Akan tetapi saat ini hujan yang levelnya tinggi membuat kapasitas permukaan tanah tidak sanggup menampung debit curahan tersebut sehingga akhirnya banjir terjadi.
Lantas apakah semua ini salah Tuhan?. Saya rasa bukan seperti itu, namun kita bisa membangun cara pandang yang lain mengenai rezeki ini.
Beberapa waktu lalu pemimpin kita ada yang bilang bahwa banjir itu dikarenakan curah hujan yang tinggi atau ekstrim. Memang ada benarnya tapi salahnya juga lebih banyak sebenarnya.
Kota sekelas Venezia, Paris atau di Jepang saja sering banjir kalau hujan ekstrim, apalagi di Indonesia. Sebenarnya banyak sekali ahli tata ruang di Indonesia jebolan akademi perencanaan kota atau jurusan apalah namanya.
Namun hasil dilapangan seperti tak ada artinya, semua hanya sebatas ilmu teori. Saya juga berfikir bahwa banjir di Jakarta saja tidak akan pernah bisa teratasi karena kesalahannya sudah ekstrim dari jaman dahulu.
Dataran rendah dengan puluhan anak sungai dibangun kota megapolitan beton berpuluh tahun yang tidak mungkin untuk menghindari banjir. Ini fakta sejarah dan geografis sejak zaman kerajaan dan kolonialisme.
Banjir jadi alat politik |
Saat ini becana di kita hanya menjadi komoditas saling ejek antar elite politik. Ini yang menjadikan negeri kita dikutuk oleh Tuhan karena pemimpinnya tidak amanah.
Hujan adalah fenomena alam sementara banjir adalah bencana. Bencana dan fenomena alam berbeda dari aspek sebab.
Fenomena alam adalah sebab turunnya rezeki sementara banjir karena kesalahan mahluk karena tatanan ekologis yang buruk.
Nah balik lagi ke judul tentang analogi banjir dan konsep rezeki. Seringkali kita mengeluh karena menganggap rezeki Tuhan yang diberikan sedikit padahal itu semua ada maknanya.

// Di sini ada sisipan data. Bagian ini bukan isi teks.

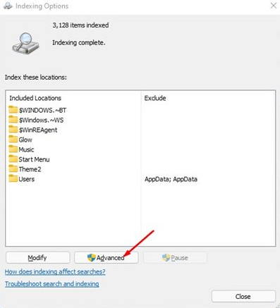 Stap 4.Selecteer Geavanceerd bij de prompt Indexeringsopties.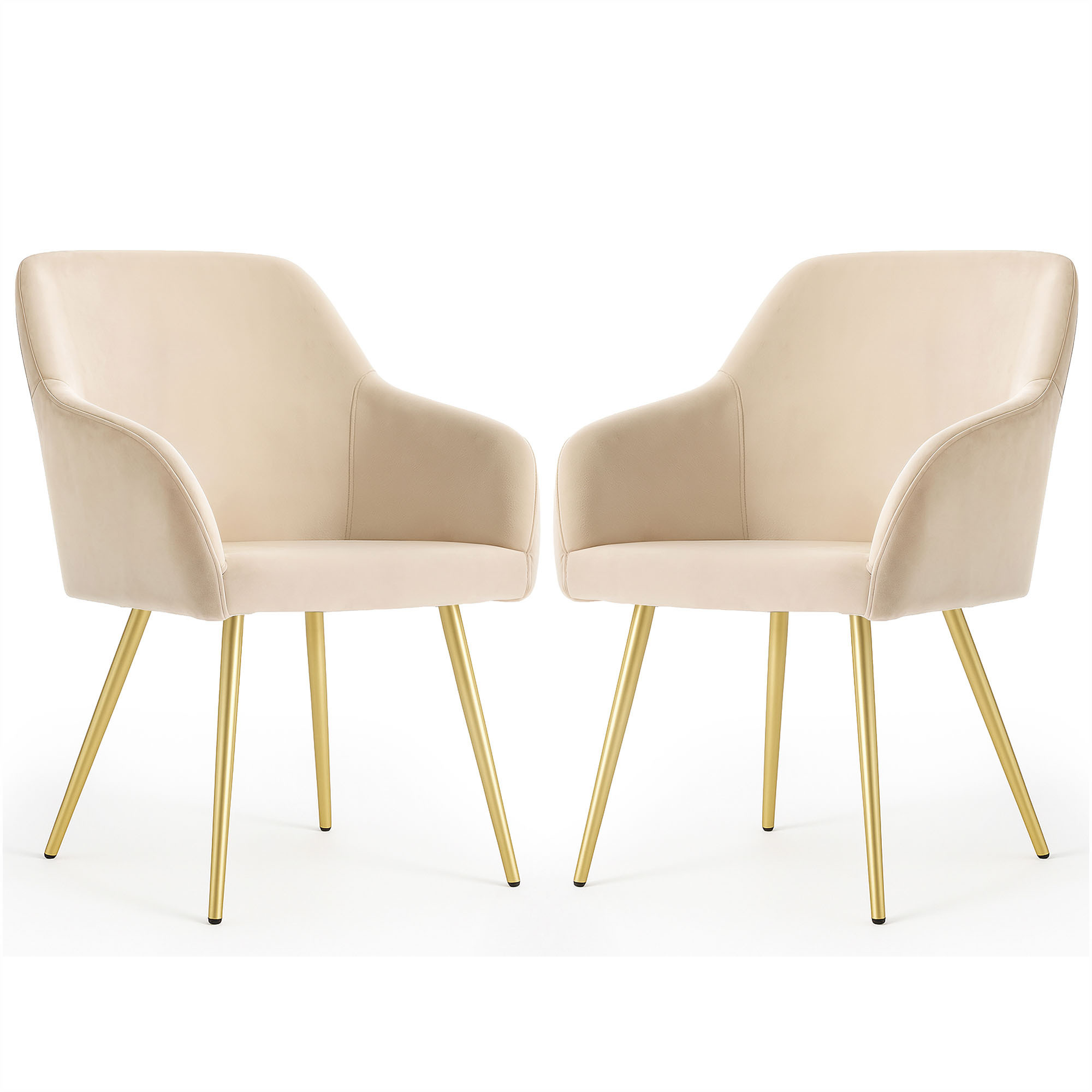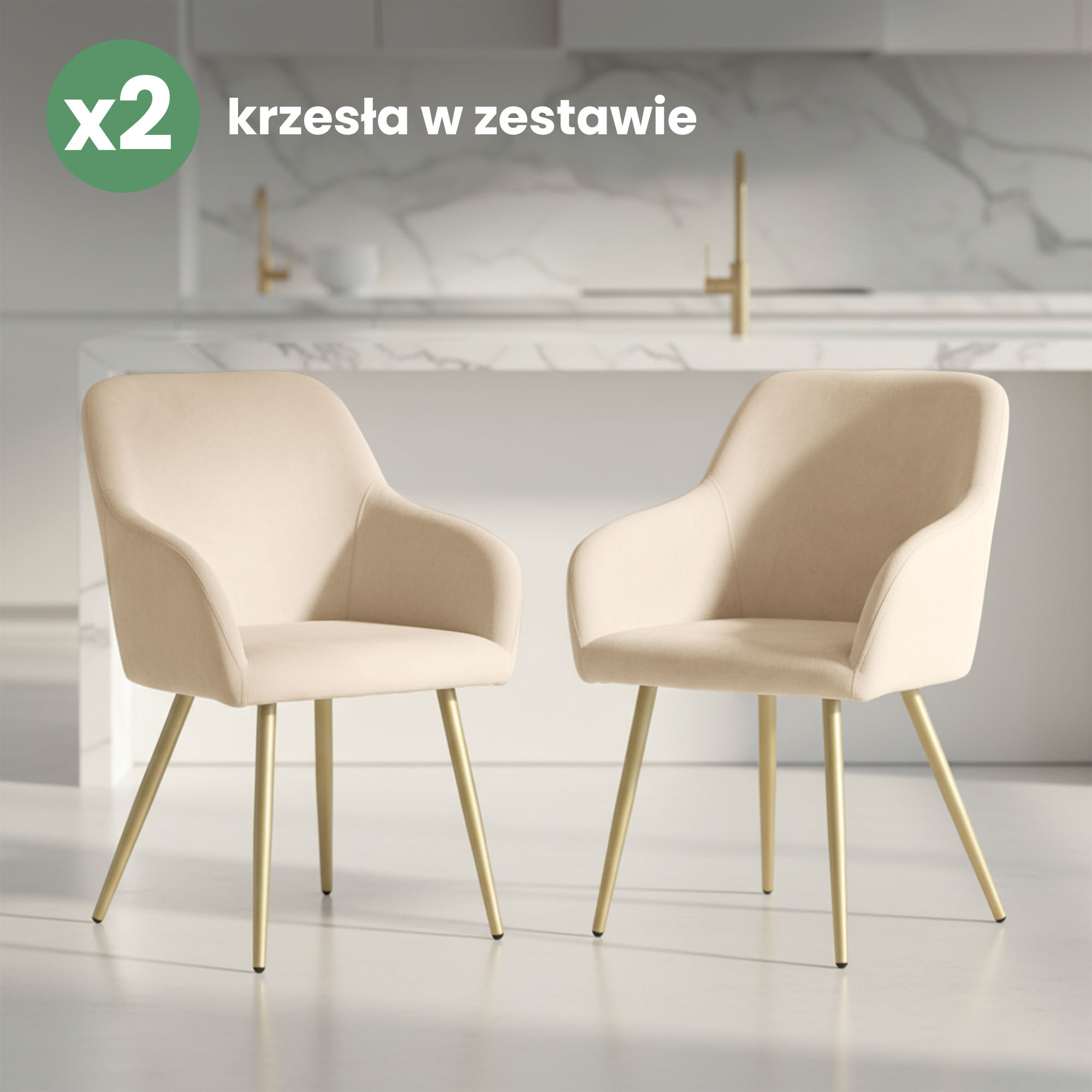 2x Welurowe krzesło tapicerowane gładkie Beżowe ESTELLE Złote nogi

Anggaplah rezeki Tuhan itu adalah air hujan yang jika turun sekadarnya saja maka akan sangat menguntungkan dan memberikan kehidupan. Namun coba jika rezeki air tersebut diberikan sekaligus seperti saat ini, tentunya akan ada banyak keburukan seperti banjir.
Tuhan lebih tahu apa yang kita butuhkan dibandingkan dengan apa yang kita inginkan. Jadi menyikapi rezeki adalah salah satu hal penting bagi manusia.
Sedikit tapi membawa keberkahan, kebahagiaan adalah baik dibandingkan diberikan sekaligus tapi bisa jadi rezeki tersebut akan membawa kita pada keburukan, keserahakan, lupa diri dan lupa akan Tuhan.
Semoga banjir segera berlalu dan manusia mengambil pelajaran dari fenomena alam ini.